Лицо его приняло какое-то загадочное выражение, и это охладило ее пыл.
«Лучше бы я не дала ему увязаться за собой, — подумала Джулиана. — Теперь вот уже и поздно, не отвязаться мне от него, слишком сильный».
— Да в чем дело? — Он протянул руки, взял ее за подбородок, погладил по шее, запустил руки под рубашку и притянул к себе за плечи. — Что за настроение? У тебя проблемы? Проконсультирую бесплатно.
— Тебя еще, чего доброго, сочтут еврейским психоаналитиком, — слабо улыбнулась она. — В газовую камеру загреметь хочешь?
— Ты боишься мужчин. Правда?
— Не знаю.
— Так бы вчера вечером и сказала. Ведь только потому, что я тебя… — Он оборвал предложение, выбирая, видимо, слова получше. — Ну, только потому, что я дал себе труд подумать о том, чего ты хочешь…
— Просто потому, что слишком часто укладывался в постель с первыми попавшимися девицами.
— Но что это меняет? Послушай, Джулиана, я тебя не обижу. Никогда. Памятью матери клянусь. Я буду внимателен к тебе, если понадобится мой опыт — бери. Ты избавишься от своей неврастении, успокоишься, станешь на себя похожей. Все нормально, просто раньше тебе не везло.
Джулиана кивнула, немного придя в себя. Но все равно продолжала ощущать тоску и холод и никак не могла понять, откуда они исходят.
В первой половине дня мистер Тагоми улучил момент, чтобы остаться наедине со своими мыслями. Находился он в кабинете в небоскребе «Ниппон таймс».
Еще до того, как отправиться утром в офис, он получил сообщение от Ито — касательно мистера Бэйнса. Молодой студент не сомневался в том, что тот, мистер Бэйнс, никакой не швед. Скорее всего — немец.
Впрочем, способности Ито к языкам никогда не производили особенного впечатления ни на Промышленные Миссии, ни на Токкоку — тайную японскую полицию. «Может, дурачок преувеличивает, — усмехнулся Тагоми. — Романтика, старательность, нелепый энтузиазм и вечная подозрительность».

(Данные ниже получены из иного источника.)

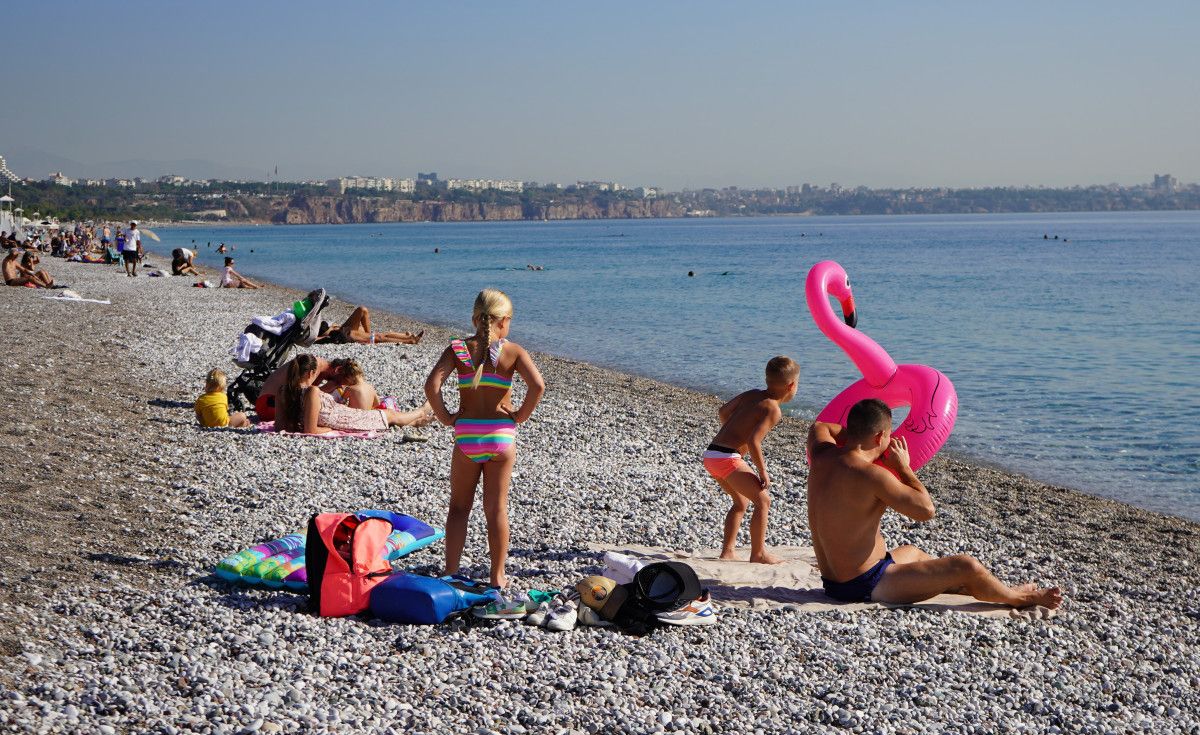 Sabah saatlerinden itibaren sahile gelen yerli ve yabancı turistler, güneşlenip Akdeniz’in ılık sularında yüzdü.

Как бы там ни было, вскоре начнется совещание с мистером Бэйнсом и неким пожилым господином с Островов Родины. И совершенно неважно, какой именно национальности мистер Бэйнс. Тагоми он понравился. «Наверное, — думал он, — в этом и состоит главный талант лиц, поставленных над другими людьми». К таковым, разумеется, он относил и себя. Вот какой талант — вовремя распознать хорошего человека, когда его встречаешь. Обладать интуицией во всем, что касается людей. Отставлять церемонии в сторону и сразу переходить к сути. Брать ситуацию за жабры. Чувствовать происходящее сердцем.

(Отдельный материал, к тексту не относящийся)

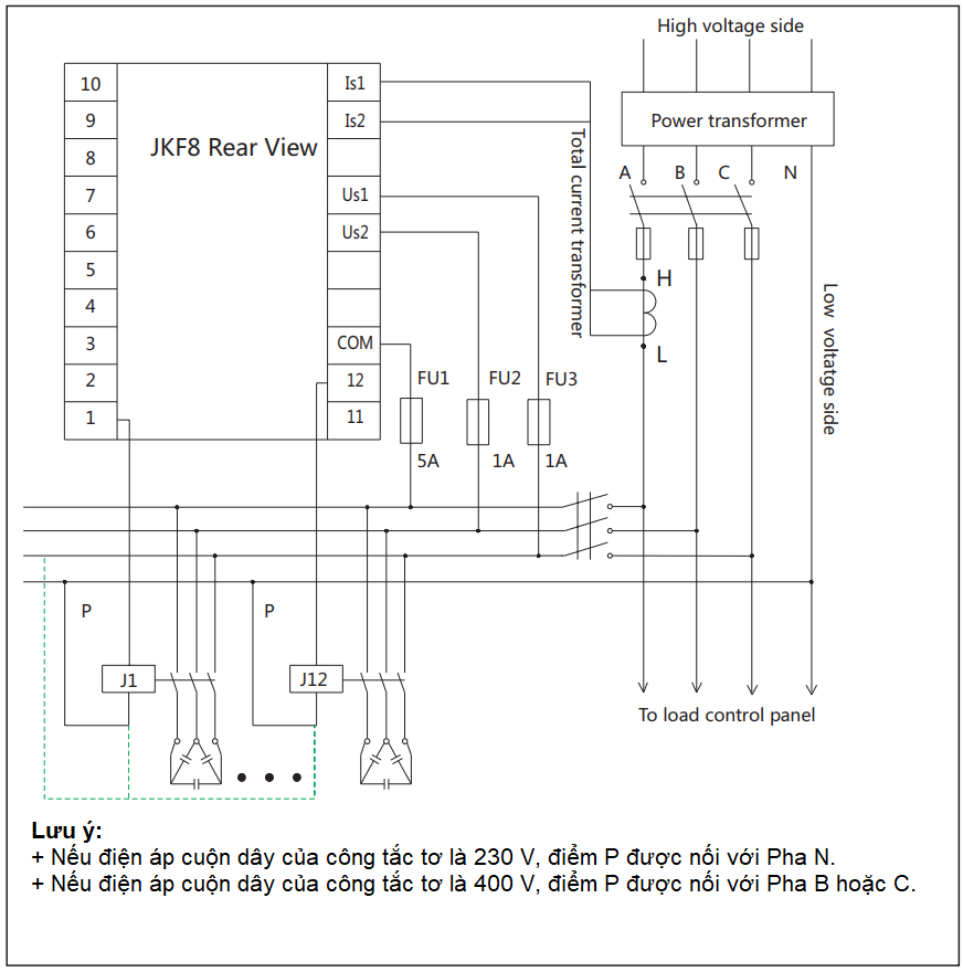 - JKF8-12 (số vòng lặp có thể được đặt trong khoảng từ 1 đến 12)

Сердце, словно триграмма «Ли», обозначающая солнце: сжимаемая двумя темными линиями страданий, прерывистая линия в середке — линия сияния, трепета, ясности. «Мне он понравился, — сказал Тагоми сам себе. — Швед он или немец. Надеюсь, заракаин ему помог. Надо будет его сразу об этом спросить».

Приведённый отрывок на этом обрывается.